The assessment included a questionnaire about students’ maths ability and confidence. One question used 16 mathematical terms, where students were asked to score their knowledge on a 5-point-scale from “never heard of it” to “know it well, understand the concept”. Three of the terms were fake.

Now, who’s up for a round of Are you smarter than a 15-year-old? Here are the 16 mathematical terms used in the survey, see if you can spot the fake ones. The answers are at the bottom of this article.

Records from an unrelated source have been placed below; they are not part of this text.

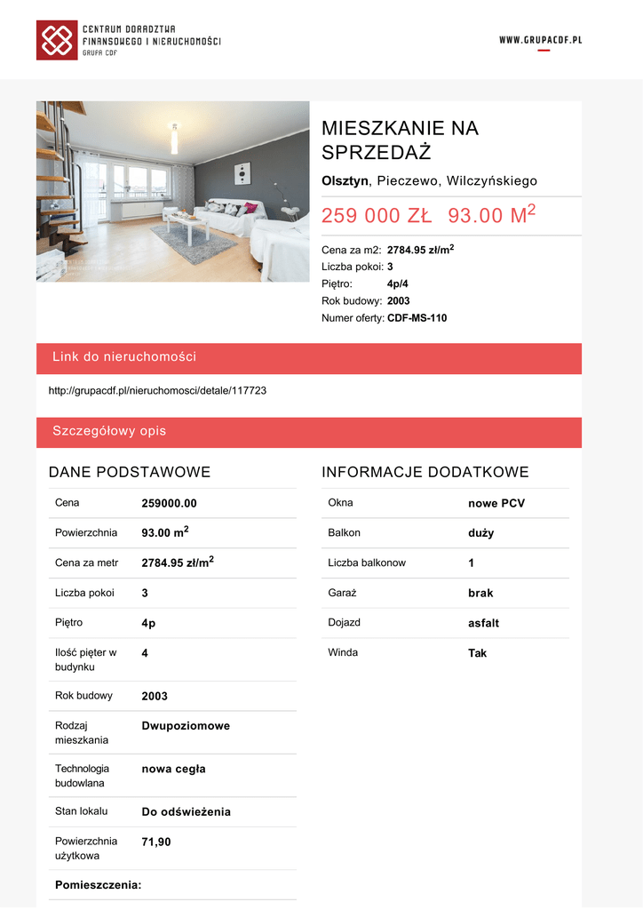 MIESZKANIE NA SPRZEDAŻ Olsztyn, Pieczewo, Wilczyńskiego 259 000 ZŁ 93.00 M2 Cena za m2: 2784.95 zł/m2 Liczba pokoi: 3 Piętro: 4p/4 Rok budowy: 2003 Numer oferty: CDF-MS-110 Link do nieruchomości http://grupacdf.pl/nieruchomosci/detale/117723 Szczegółowy opis DANE PODSTAWOWE INFORMACJE DODATKOWE Cena 259000.00 Okna nowe PCV Powierzchnia 93.00 m2 Balkon duży Cena za metr 2784.95 zł/m2 Liczba balkonow 1 Liczba pokoi 3 Garaż brak Piętro 4p Dojazd asfalt Ilość pięter w budynku 4 Winda Tak Rok budowy 2003 Rodzaj mieszkania Dwupoziomowe Technologia budowlana nowa cegła Stan lokalu Do odświeżenia Powierzchnia użytkowa 71,90 Pomieszczenia: Ilość pokoi 3 Ilość łazienek 2 Ilość toalet 2 Kuchnia Typ pomieszczenia aneks kuchenny połączony z jadalnią Rodzaj kuchni z zabudową kuchenną Podłogi terakota Łazienka Typ pomieszczenia razem z wc Liczba 2 Wc Liczba 2 Ściany glazura Podłogi terakota Przedpokój Podłogi terakota Opis nieruchomości Wybierz się na wirtualny spacer po nieruchomości (link:http://grupacdf.pl/media/vs/117723.html) Zapraszam do zapoznania się z ofertą sprzedaży atrakcyjnego, przestronnego mieszkania położonego w Olsztynie na osiedlu Pieczewo przy ul. Wilczyńskiego. Nieruchomość o pow. 93 m2 składa się z dwóch poziomów. Na pierwszym z nich wyróżniamy kuchnię z jadalnią, duży salon z wyjściem na balkon typu loggia oraz łazienkę.Istnieje możliwość wyodrębnienia trzeciego pokoju. Na drugim poziomie znajduje się przestronna sypialnia, garderoba oraz łazienka W pokojach na podłodze zostały położone panele, okna są plastikowe,ściany szpachlowane i pomalowane. Kuchnia jest umeblowana i wyposażona w sprzęt AGD, połączona została z jadalnia, dzięki czemu mieszkanie jest naprawdę przestronne. W łazienkach położone zostały płytki w jasnej kolorystyce, jedna z nich wyposażona jest w wannę, druga w prysznic. Mieszkanie jest przytulne i słoneczne. Pozostawia duże możliwości aranżacyjne. Blok wybudowany został w nowej technologii, a usytuowanie w sąsiedztwie lasu , na końcu ulicy zapewnia mieszkańcom komfort i ciszę .Przed blokiem znajdują się miejsca parkingowe dla mieszkańców. Zapraszam wszystkie osoby zainteresowane na zapoznanie się z materiałem zdjęciowym oraz na prezentację. Więcej szczegółów na: http://grupacdf.pl/nieruchomosci/detale/117723 FINANSOWANIE Zapraszamy do bezpłatnego skorzystania z usług naszych doradców finansowych GrupaCDF, którzy pomogą uzyskać najlepszy kredyt na rynku! Dysponujemy ofertami kredytów wszystkich rzetelnych banków na rynku. W prosty i jasny sposób doradzamy – porównujemy i wyjaśniamy propozycje. Nasze wsparcie jest bezpłatne i kompleksowe – od momentu złożenia wniosku, po wypłatę środków. DORADCA GrupyCDF POMOŻE PAŃSTWU W: - Porównaniu ofert z 23 banków i uzyskaniu wstępnej decyzji kredytowej - już podczas pierwszego spotkania, - Wyborze najlepszej oferty - najdogodniejszego systemu rat, okresu kredytowania, - Sporządzeniu i złożeniu wniosków w wybranych bankach, - Skompletowaniu niezbędnych dokumentów, dotyczących nabywanej nieruchomości. - Omówieniu warunków umowy kredytowej - Pomocy na każdym etapie procesu transakcyjnego Z nami realizacja marzenia o własnym domu jest PROSTA! OSOBA ODPOWIEDZIALNA ZA OFERTĘ W BIURZE SPRZEDAŻY: Agnieszka Falkowska GrupaCDF Sp. z o.o. ul. Mazurska 12/18 10-520 Olsztyn tel.: +48 695808059 tel./fax: +48 89 527 78 13 [email protected] Zapraszamy również do naszego olsztyńskiego oddziału: Centrum Doradztwa Finansowego i Nieruchomości GrupaCDF Ul. Mazurska 12/18 10-520 Olsztyn tel. +48 89 527 78 13 Odwiedź naszą stronę: www.grupacdf.pl Niniejsza oferta nie stanowi oferty w rozumieniu kodeksu cywilnego. Dane w niej zawarte mają charakter informacyjny i mogą ulegać zmianie. Numer oferty w biurze: CDF-MS-110 Korzyści DLACZEGO WARTO SKORZYSTAĆ Z NASZYCH USŁUG? Chcemy, abyś nie musiał tracić czasu i pieniędzy na bieganie po wielu bankach, notariuszach, prawnikach, towarzystwach ubezpieczeń, rzeczoznawcach majątkowych, urzędach, biurach nieruchomości… Dzięki nam kupno nieruchomości opiera się na kontakcie z JEDNYM PARTNEREM, a skomplikowany proces JEST PROSTY. 1. GWARANCJA SUKCESU Nasi doświadczeni doradcy finansowi, z wieloletnim stażem zapewnią Ci transakcję, jak najbardziej korzystną dla Ciebie. Gwarantujemy Ci atrakcyjną cenę nieruchomości, zniżki przy opłatach notarialnych oraz najkorzystniejszą ofertę kredytu. Nasze usługi doradztwa finansowego nic Cię nie kosztują, a doradca finansowy pomoże uzyskać najlepszy kredyt na rynku. 2. KOMPLEKSOWOŚĆ Zajmiemy się procesem kupna Twojej nieruchomości od początku do końca transakcji. Zadbamy o poprawność całej dokumentacji, sprawdzenie stanu prawnego nieruchomości oraz jej finansowanie. W innowacyjny sposób łączymy zawód pośrednika nieruchomości i doradcy finansowego poprzez kompleksowe usługi. Z nami zakup nieruchomości JEST PROSTY. Agnieszka Falkowska [email protected] +48 695 808 059 GrupaCDF Sp. z o.o. 10-520 Olsztyn, ul. Mazurska 12/18 tel./fax: +48 89 527 78 13
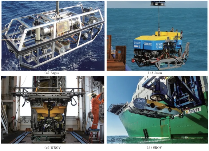ROV主要由能源系统、水面控制系统、光电复合缆和ROV本体组成,依据作业能力,一般可分为观察型与作业型2种。在水下考古作业中,观察型ROV主要用于水下遗迹的观察和拍摄,作业型ROV主要用于沉船残骸和掩埋文物的打捞。
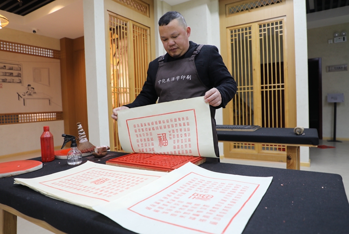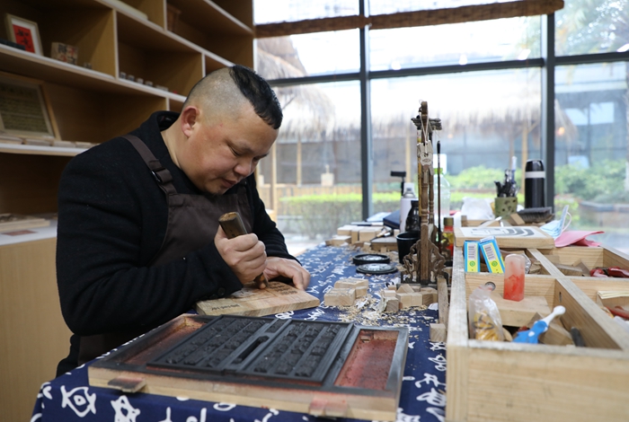“從大年初三開工以來,我每天除了接待進館的游客,還要根據客戶的需求刻制木活字……”2月6日,中國印刷博物館寧化分館內,寧化木活字印刷術傳承人邱恒勇正忙著刻字趕訂單。春節前夕,他接到的木活字訂單囊括了百“福”、古詩詞、百家姓、生日祝語、二十四節氣等內容。
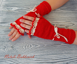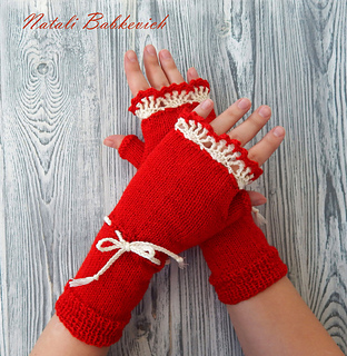 In my native language Zhuravina is meant by “cranberry”. Saturated red color of gloves reminds this berry, isn’t it? But you can choose any colors of a yarn to knit these fingerless gloves!
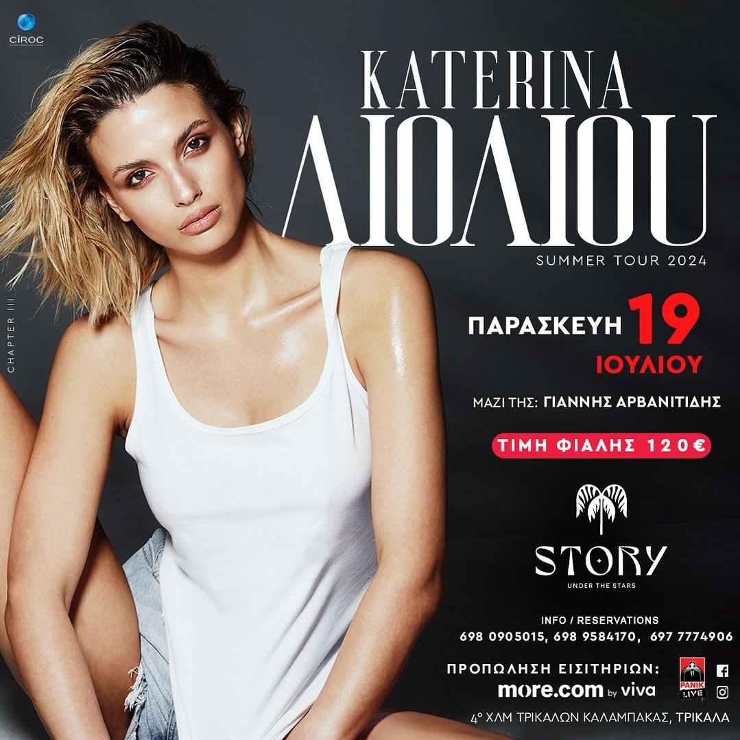 Συνεχόμενα τα sold out της Κατερίνας Λιόλιου αυτό το καλοκαίρι κατά τις περιοδείες της σε όλη την Ελλάδα. Κάτι ανάλογο αναμένεται να γίνει και στα Τρίκαλα όπου η εκρηκτική και ερωτική “γυναίκα της ζωής μας” Κατερίνα Λιόλιου θα εμφανιστεί στο STORY under the stars, την Παρασκευή 19 Ιουλίου σε μία άκρως μαγευτική βραδιά.
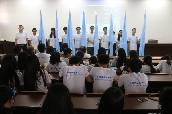 燚焱炎火暑期社会实践队的队长周恬作为学生代表向各位指导老师和实践队员做出承诺,表示要认真尽力地完成此次暑期实践活动。

Which 3 of these terms is not a real maths concept? Scroll down for the answers!

  1. Exponential function
  2. Divisor
  3. Quadratic function
  4. Proper number
  5. Linear equation
  6. Vectors
  7. Complex number
  8. Rational number
  9. Radicals
  10. Subjunctive scaling
  11. Polygon
  12. Declarative fraction
  13. Congruent figure
  14. Cosine
  15. Arithmetic mean
  16. Probability

The researchers found several trends among the students more likely to over-claim. Male students, those from advantaged backgrounds, and immigrants were all more likely to over-claim.

There were also three distinct groups of countries ranked on likelihood of over-claiming. US and Canadian students were most likely to overclaim by a large margin, while those in Ireland, Northern Ireland and Scotland notably the least likely. England, Australia, New Zealand and Wales formed a central cluster.

Over-claiming students were also more likely to display overconfidence in their mathematical ability and problem-solving skills, based on other questions in the survey.

“Our research provides important new insight into how those who over-claim about their maths ability also exhibit high levels of over-confidence in other areas,” says lead author Professor John Jerrim, a researcher in education and social statistics at University College London.

“Although ‘overclaiming’ may at first seem to be a negative social trait, we have previously found that overconfident individuals are more likely to land top-jobs.

“The fact that young men tend to overclaim their knowledge more than young women, and the rich are more likely to overclaim than the poor, could be related to the different labour market outcomes of these groups.”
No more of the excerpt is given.